Task to complete
Copy out the lines of the records below, and only those lines, from the one with "A contemporary cantilever" through the one with "A recent upgrade", exactly as they appear.
START Data records
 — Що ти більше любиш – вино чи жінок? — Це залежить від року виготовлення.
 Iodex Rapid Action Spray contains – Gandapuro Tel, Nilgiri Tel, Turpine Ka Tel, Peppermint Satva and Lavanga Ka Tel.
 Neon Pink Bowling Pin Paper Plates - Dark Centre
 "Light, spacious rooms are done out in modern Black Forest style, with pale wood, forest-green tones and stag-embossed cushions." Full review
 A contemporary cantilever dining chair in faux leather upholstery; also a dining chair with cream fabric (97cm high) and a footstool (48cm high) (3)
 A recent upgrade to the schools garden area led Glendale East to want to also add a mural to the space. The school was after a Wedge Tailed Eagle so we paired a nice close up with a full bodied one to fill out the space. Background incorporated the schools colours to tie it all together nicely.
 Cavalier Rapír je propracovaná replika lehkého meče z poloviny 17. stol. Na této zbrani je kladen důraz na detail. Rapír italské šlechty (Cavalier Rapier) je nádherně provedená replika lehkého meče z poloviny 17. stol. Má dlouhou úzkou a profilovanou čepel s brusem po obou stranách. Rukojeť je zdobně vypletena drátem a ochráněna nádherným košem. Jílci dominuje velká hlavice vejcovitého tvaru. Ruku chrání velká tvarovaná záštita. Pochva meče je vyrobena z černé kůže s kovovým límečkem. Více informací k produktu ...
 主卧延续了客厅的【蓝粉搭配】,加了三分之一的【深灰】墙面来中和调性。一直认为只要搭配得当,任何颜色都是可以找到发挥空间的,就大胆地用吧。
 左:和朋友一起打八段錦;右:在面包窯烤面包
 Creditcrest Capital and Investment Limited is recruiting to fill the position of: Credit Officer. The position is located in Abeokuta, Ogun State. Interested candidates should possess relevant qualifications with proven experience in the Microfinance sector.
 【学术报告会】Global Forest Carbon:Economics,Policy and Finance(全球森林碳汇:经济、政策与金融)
END Data records
Response to this exercise
 A contemporary cantilever dining chair in faux leather upholstery; also a dining chair with cream fabric (97cm high) and a footstool (48cm high) (3)
 A recent upgrade to the schools garden area led Glendale East to want to also add a mural to the space. The school was after a Wedge Tailed Eagle so we paired a nice close up with a full bodied one to fill out the space. Background incorporated the schools colours to tie it all together nicely.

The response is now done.